How verification fits in the Pipeline¶
When the Pipeline runs answer = pipeline.ask(query):
- Generator produces
cited_sentences: list[CitedSentence] - If a verifier is configured, it produces
verification_results: list[VerificationResult] - The Pipeline applies strictness-controlled filtering:
loose: every generated sentence is returned (verification is informational)balanced/strict/paranoid: sentences withis_supported=Falseare surgically removed; if the resulting answer's faithfulness score drops below the strictness threshold, the whole answer is refused
- The remaining sentences become
answer.sentences; the dropped ones becomeanswer.unsupported_claims
See the strictness concept page for the threshold table.
Calibration¶
The default thresholds (HHEM 0.3, Dual NLI 0.0562) are fit on RAGTruth-train. They are not guaranteed to be optimal for your domain.
If your inputs are different (legal contracts, medical notes, code documentation), you should re-fit the threshold on a small labeled validation set from your domain. The library ships a calibration script:
python scripts/compute_calibrated_metrics.py \
--verifier "DualNLI:my_train_scores.jsonl:my_test_scores.jsonl" \
--slug my_domain_calibrated
Full calibration walkthrough →
What verification can't do¶
- It can't catch citation-cite mismatches that the verifier itself was trained to accept. If the NLI model was trained on summarization data and you're verifying scientific claims, edge cases may slip through.
- It can't validate facts outside the cited span. If the LLM emits "Penicillin was discovered in 1928" and the cited source span only says "in the late 1920s," the NLI model probably accepts it. Strict factuality requires post-hoc fact-checking against a knowledge base, which is out of scope.
- It can't fix bad retrieval.

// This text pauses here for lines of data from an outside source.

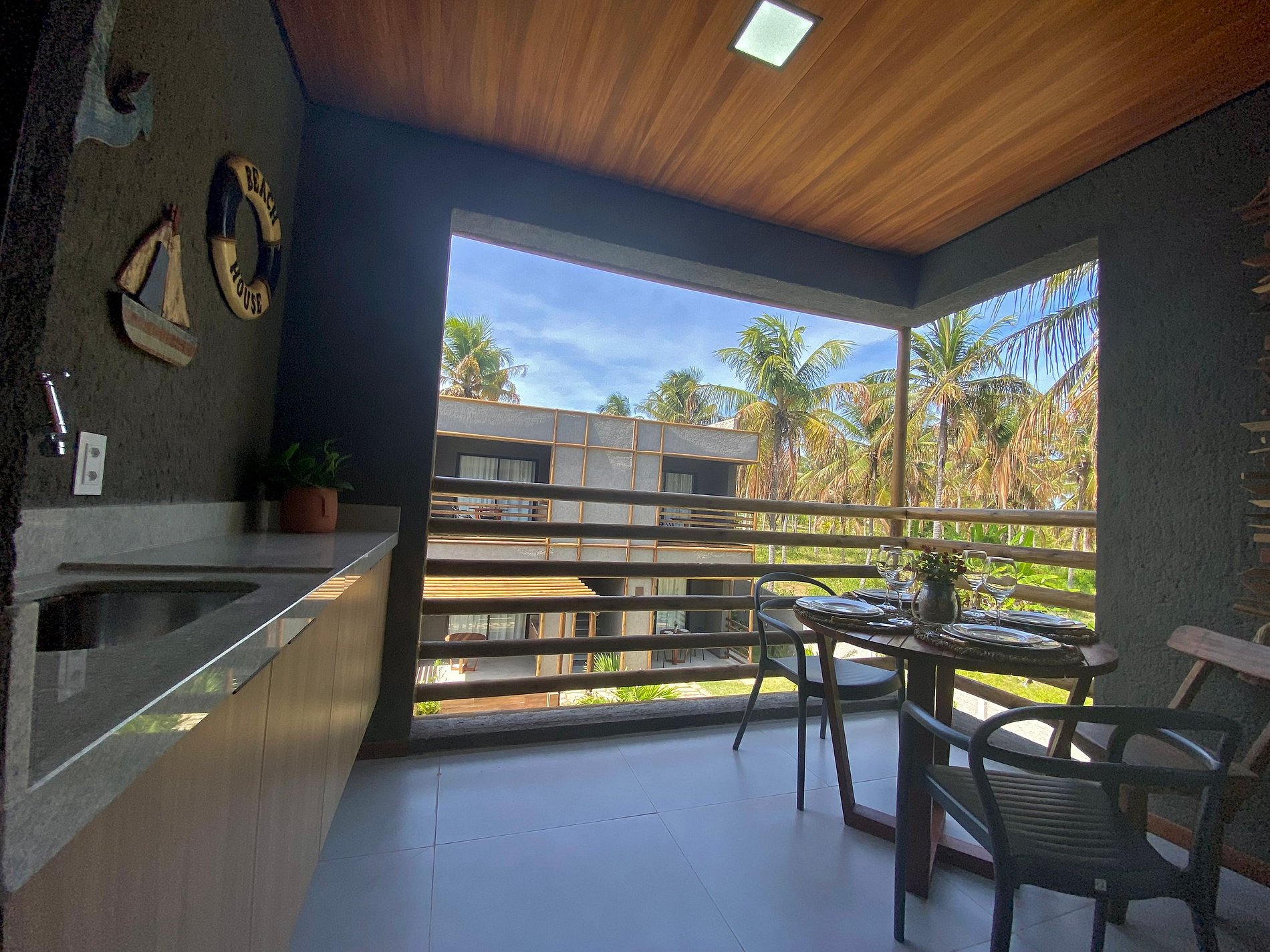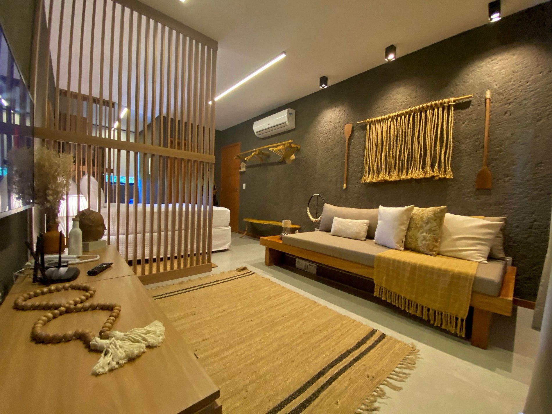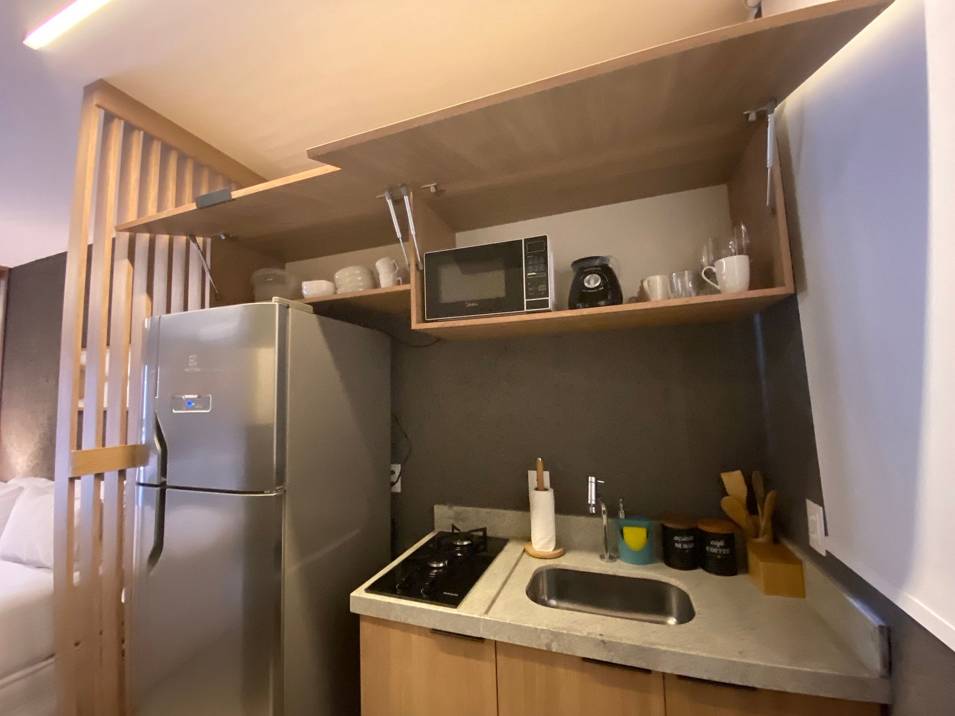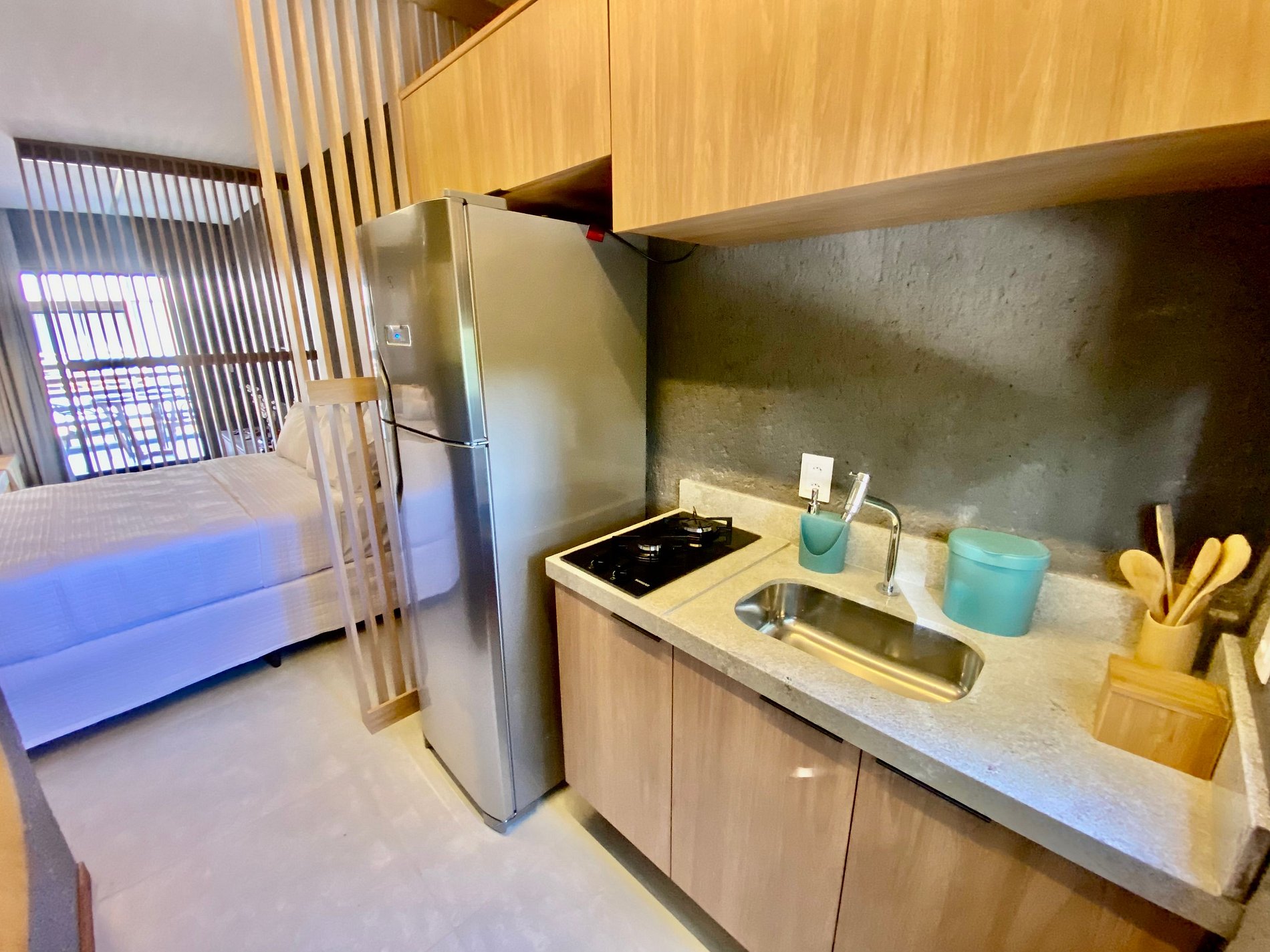 O Studio possui 37m2, com sala de estar com varanda gourmet, cozinha e 01 vaga de estacionamento.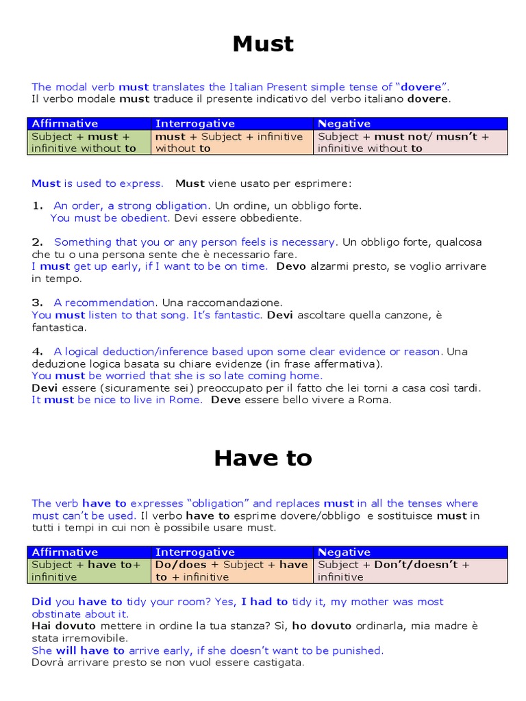 Come puoi osservare, le differenze fra le forme presenti (must, have to) sono a volte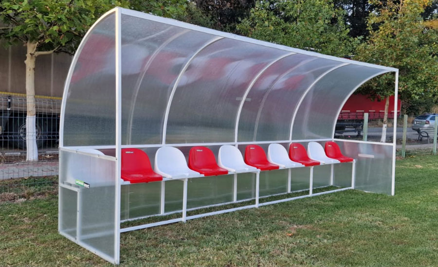 Banca de rezerva pentru jucatori sau oficiali este realizata din structura metalica de 30 x 30 x 2 mm vopsita in camp electrostatic in culorile solicitate de catre client.

If the right source passage was never retrieved, the verifier can only flag the generator's output as unsupported — it can't reach back into the corpus to find the missing evidence.
These limits are why the audit trail matters: every published number comes with its caveats; every Answer ships its full decision path so reviewers can spot the holes.
The benchmark that validates this¶
RAGTruth is the canonical 2,700-example RAG hallucination corpus (Niu et al., NAACL 2024). Our calibrated numbers:
| Verifier | AUROC | F1 (calibrated) | Per-call cost |
|---|---|---|---|
| HHEM | 0.813 | 0.663 | ~$0.0002 |
| MiniCheck | 0.836 | 0.696 | ~$0.0002 |
| Dual NLI (HHEM + MC) | 0.844 | 0.706 | ~$0.0004 |
| Sonnet 4.6 judge | 0.846 | 0.707 (on 300-ex subset) | ~$0.05 |
Dual NLI matches Sonnet on both AUROC and calibrated F1, at ~250× lower per-call cost. This is the result that justifies the library's design.